В это время он делал инсценировку по роману «Преступление и наказание» для Любимова в Театре на Таганке. Все стены его восьмиметровой каморки были обклеены страницами романа. Порой казалось, он слегка подвинулся рассудком. Говорил со мной непонятными фразами: «Как ты не понимаешь, да ведь тут АРИФМЕТИКА!» Случались удивительные признания: «Больше я уже никогда не смогу писать по-старому. Критика и публицистика, которыми я занимался, в идеале должны концентрировать в себе одновременно энергию мысли и чувства, вызывая тем самым художественный эффект мобилизации мысли в читателе. Мысль в тексте при этом ни на секунду не может быть оторвана от человеческого переживания. Здесь нельзя врать ни на волосок. Микроб лжи, неточности мгновенно все убьет».
Достоевский обрекал его на правду. В муках и одновременно в радости рождалась его книга «Самообман Раскольникова», о которой Дмитрий Сергеевич Лихачев во внутренней рецензии написал, что это «одна из самых интересных книг о Достоевском, которую довелось читать». Когда книга вышла в издательстве «Художественная литература», ее буквально передавали друг другу студенты, преподаватели, учителя, многие и многие. Книга эта, вошедшая позже в другие издания автора («Достоевский и канун XXI века» и «Достоевский и Апокалипсис»), на мой взгляд, – лучшая из того, что написал Карякин.
Глава восьмая
Глухие семидесятые. Наши потери
От оттепели не осталось и лужицы. Подморозили всё. Кого-то власти выслали на Восток, в лагеря, кого-то упрятали в психушки, кого-то отправили на Запад. К интеллектуалам и профессионалам, знатокам
Тошка Якобсон
Анатолий Якобсон, Тошка, как звали его все, кто его любил, был, пожалуй, самым ярким жителем нашего дома.

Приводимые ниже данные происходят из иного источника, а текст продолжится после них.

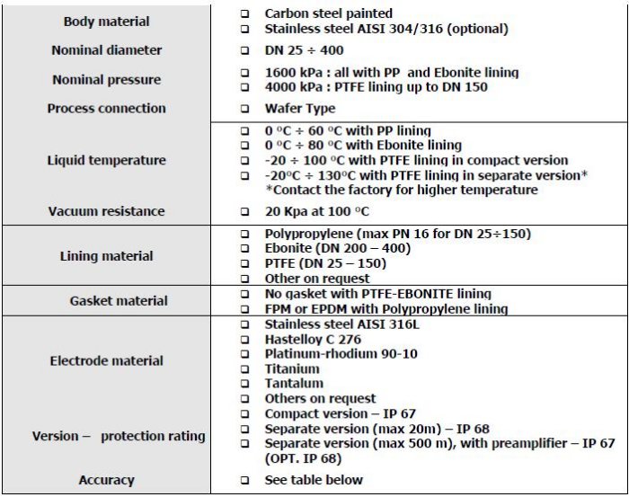 - Accuracy and repeatability data are according to the chosen converter (see converters section).
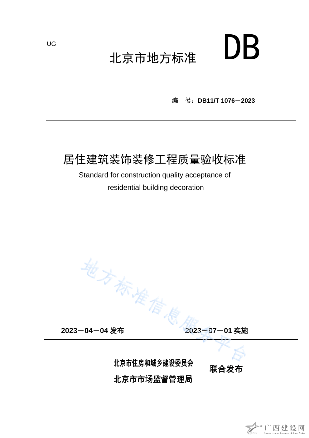 DB11T 1076-2023居住建筑裝飾裝修工程質量驗收標準
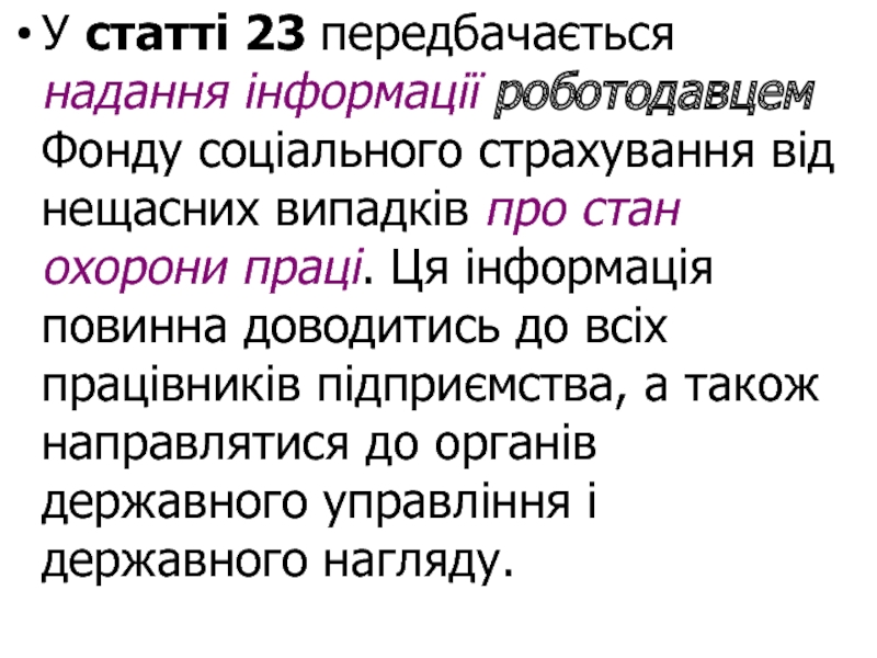 Слайд 27У статті 23 передбачається надання інформації роботодавцем Фонду соціального страхування
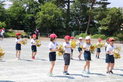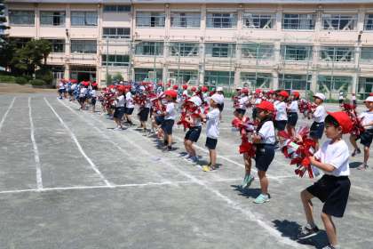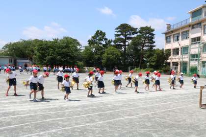 1年生の様子です。踊りながら、前列と後列が入れ替わる練習もありました。リズムをとりながら、相手を意識しながらの隊形移動は難しいですが、1年生頑張っています。
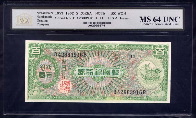 한국은행 10 환권 거북선 NNGC MS 66 UNC
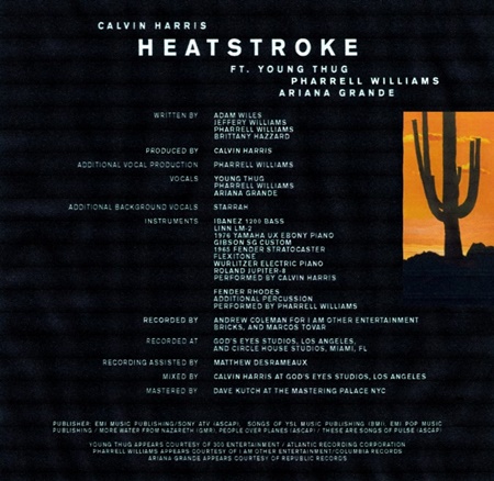 また新曲「ヒートストローク feat. ヤング・サグ、ファレル・ウィリアムス、アリアナ・グランデ」は、カルヴィンの他に、コラボアーティストのファレルとヤング・サグ(本名ジェフリー・ウィリアムズ)も楽曲制作に携わっている。
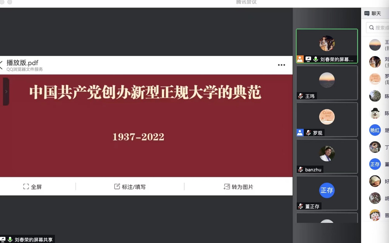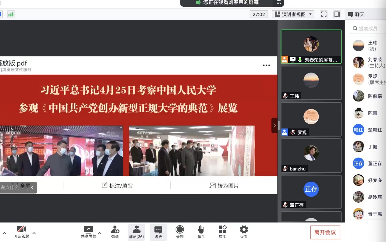 2022年6月23日,为进一步学习领会习近平总书记在中国人民大学考察时重要讲话精神,激励支部党员“继承优良传统,赓续红色血脉”,Bet365中文比分 语言学党支部和行政党支部在线组织参观“中国人民大学校史展:中国共产党创办新型正规大学的典范”主题展览。线上观展活动由博物馆副馆长刘春荣讲解。Bet365中文比分 党委书记颜梅,校史馆馆长王丹、副馆长楚艳红、研究员王学军、成仿吾老校长后人以及语言学党支部、行政党支部全体党员参加了观展学习。Bet365中文比分 党委委员、行政支部书记罗观主持活动。
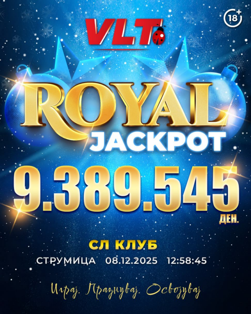 РОЈАЛ ЏЕКПОТ добивката вредна фантастични 9.389.545 денари е освоена во Спортлајф Гејминг во Струмица на 08.12.2025. Среќната ВЛТ игра е 40 Брнинг хот.
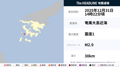12月31日14時22分頃、鹿児島県で最大震度1の地震を観測
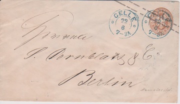 "Celle", blauer K2 klar nachverw. auf Preußen-Ganzsache 3 Sgr. (min. Spieß), gut sign. Flemming

Фантастически талантливый поэт, ученик Давида Самойлова, гениальный переводчик, блестящий филолог, историк и преподаватель литературы. Его уроки по литературе и истории в физико-математической школе № 2, его лекции в литературном кружке вспоминают и сегодня.
Как-то ранним летним утром 1968 года – я собиралась на работу, а Карякин еще не ложился после своих обычных ночных рабочих бдений – в проеме двери нашей квартиры (дверь у нас и на ночь не запиралась) появилась взлохмаченная кучерявая голова и слегка осипшим и странно-просительным голосом проговорила: «Юрий Федорович, хочу вам стихи почитать. Может, послушаете?»

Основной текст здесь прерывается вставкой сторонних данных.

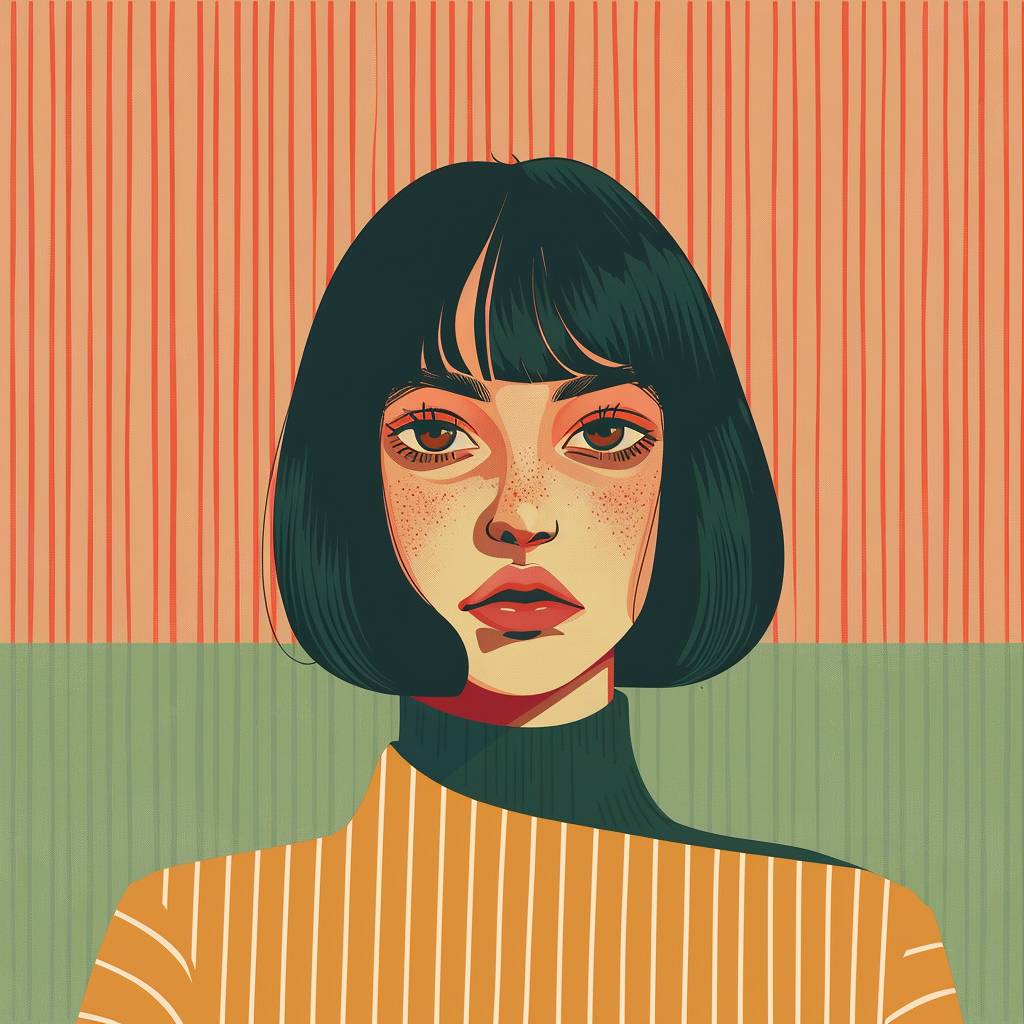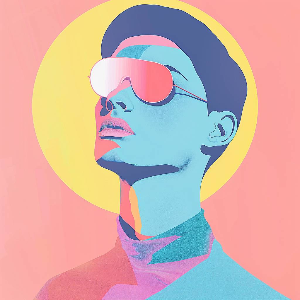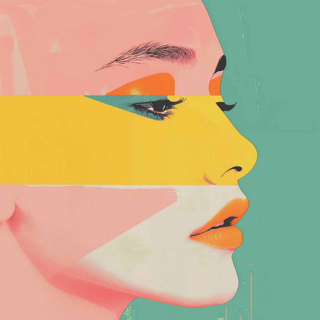数字艺术风格,粉彩色调,简单背景,平面插图,特写,正面视角,漫画风格,拼贴,实验性作品
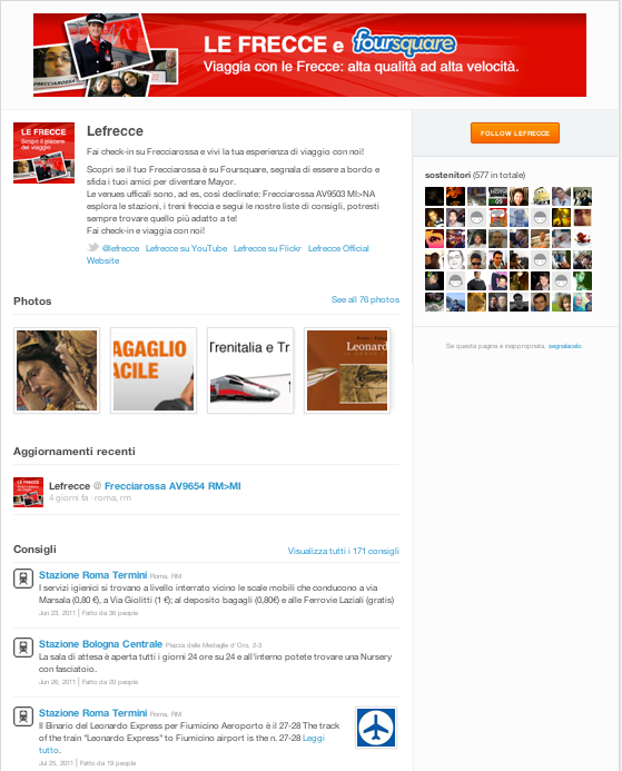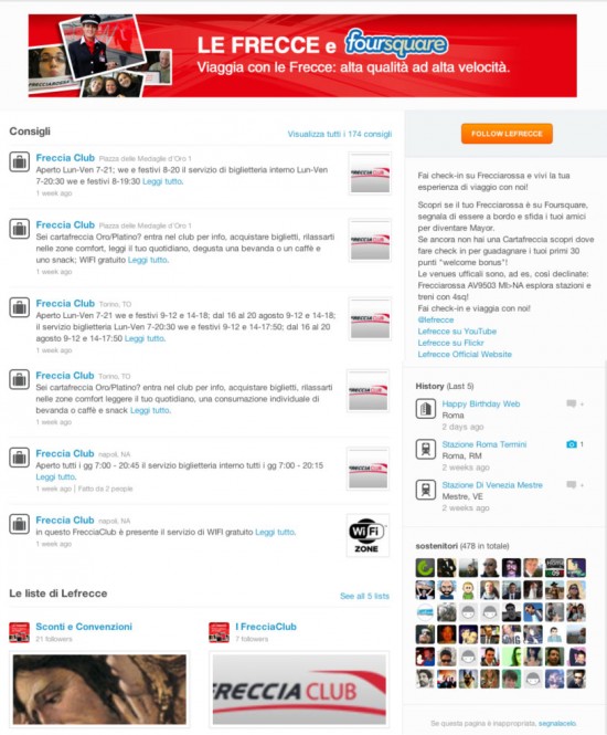 Come potete vedere nelle immagini sotto riportate, sono presenti due schermata della Business Page di Le Frecce la Foursquare Page realizzata da Trenitalia. Nella vecchia versione possiamo osservare come la personalizzazione è limitata a un banner posizionato in alto nell’Header della Pagina, mentra al centro nel corpo principale trovano posto i consigli. Più avanti sotto troviamo le liste e una breve descrizione che indica quanti follower ci sono per lista, nella colonna di destra infine abbiamo il tasto per fare il follow del brand, un elenco dei check-in e le mini-icon dei follower.

– Тошка, дорогой, заходи, – немедленно отозвался Карякин.
Вслед за головой появилось упругое молодое тело в потертых джинсах и помятой ковбойке. Симпатичный незнакомец, крепыш с обезоруживающей улыбкой мальчишки, стремительно прошмыгнул в Юрину комнатенку. Дверь закрылась. И уже через минуту оттуда раздавался заразительный смех.
Когда вернулась с работы, застала их уже тепленькими. Они смотрели друг на друга влюбленными глазами. Тошка читал стихи, оба они никак не могли наговориться. Полагаю, помогала им водочка в стаканчиках гранененьких да простая закусочка – винегрет, оставленный мною в холодильнике.

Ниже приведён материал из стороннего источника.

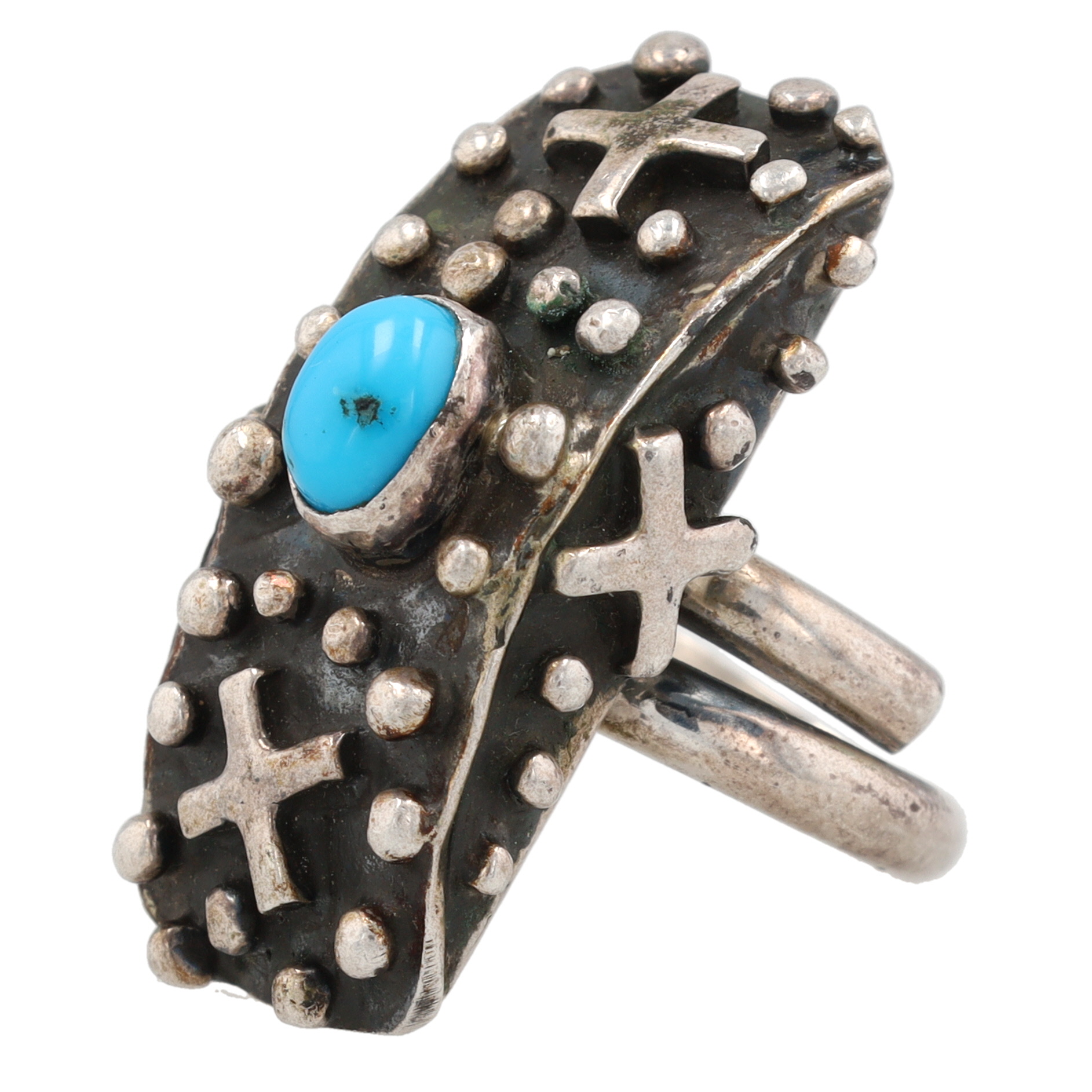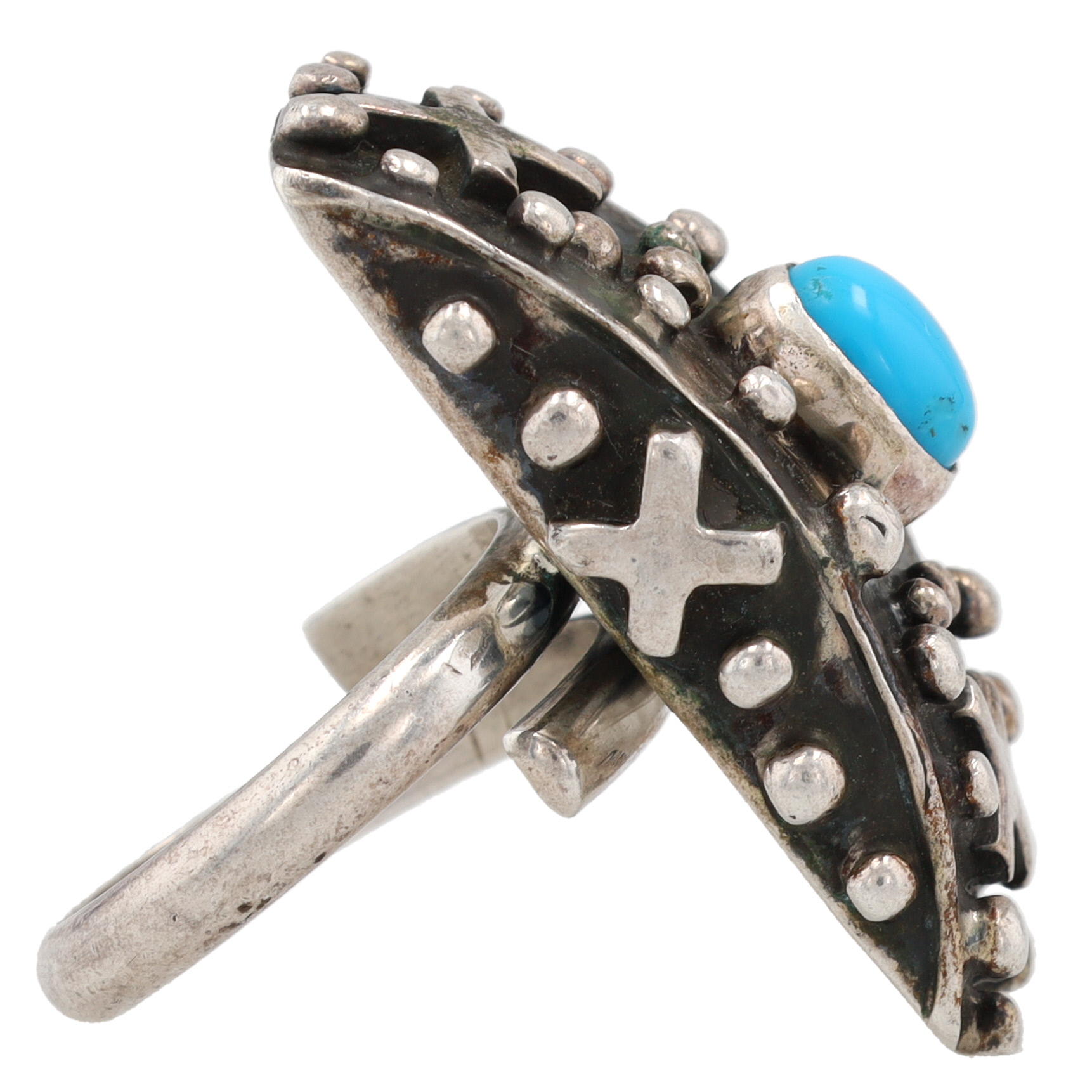 Emer Thompson Navajo Sterling Turquoise Adjustable Ring 18g

Так в нашей жизни появился Толя Якобсон, сосед с десятого этажа, человек поразительного обаяния и чрезвычайно буйного нрава, при этом удивительно застенчивый, будто стыдящийся неуемности своего темперамента и таланта.
Я до сих пор не знаю, насколько Юра был вовлечен в его «Хронику текущих событий». Конечно, всё читал, все тошкины дела знал, но мне никогда ничего не показывал. Оберегал. «Меньше знаешь, лучше спишь». Ведь в квартире Улановской и Якобсона собирались диссиденты, редактировалась «Хроника», частенько приходил Петр Якир, а за ним проникали и провокаторы. Петя много пил, был неряшлив в связях. Однажды я стала случайным свидетелем такого сборища. И с тех пор – ни ногой в квартиру Якобсонов.
Карякина с Толей объединила не столько политика, сколько литература, поэзия. Юра в те годы весь ушел в Достоевского, и ему нужен был внимательный и профессиональный слушатель. Карякин открывал для себя Достоевского, мучился, хотел применить философские суждения его к своей публицистике. Много думал над романом «Бесы» и над «бесовщиной», побеждавшей живую жизнь в нашей стране. Анатолий разделял его суждения, но ему ближе был Толстой. И, помнится, он страстно защищал толстовские идеи ненасилия. Он вообще, как я уже теперь понимаю, боялся насилия, боялся обидеть, задеть ближнего. И это притом, что с обидчиками и хамами был крут на расправу, тем паче, что физически очень силен.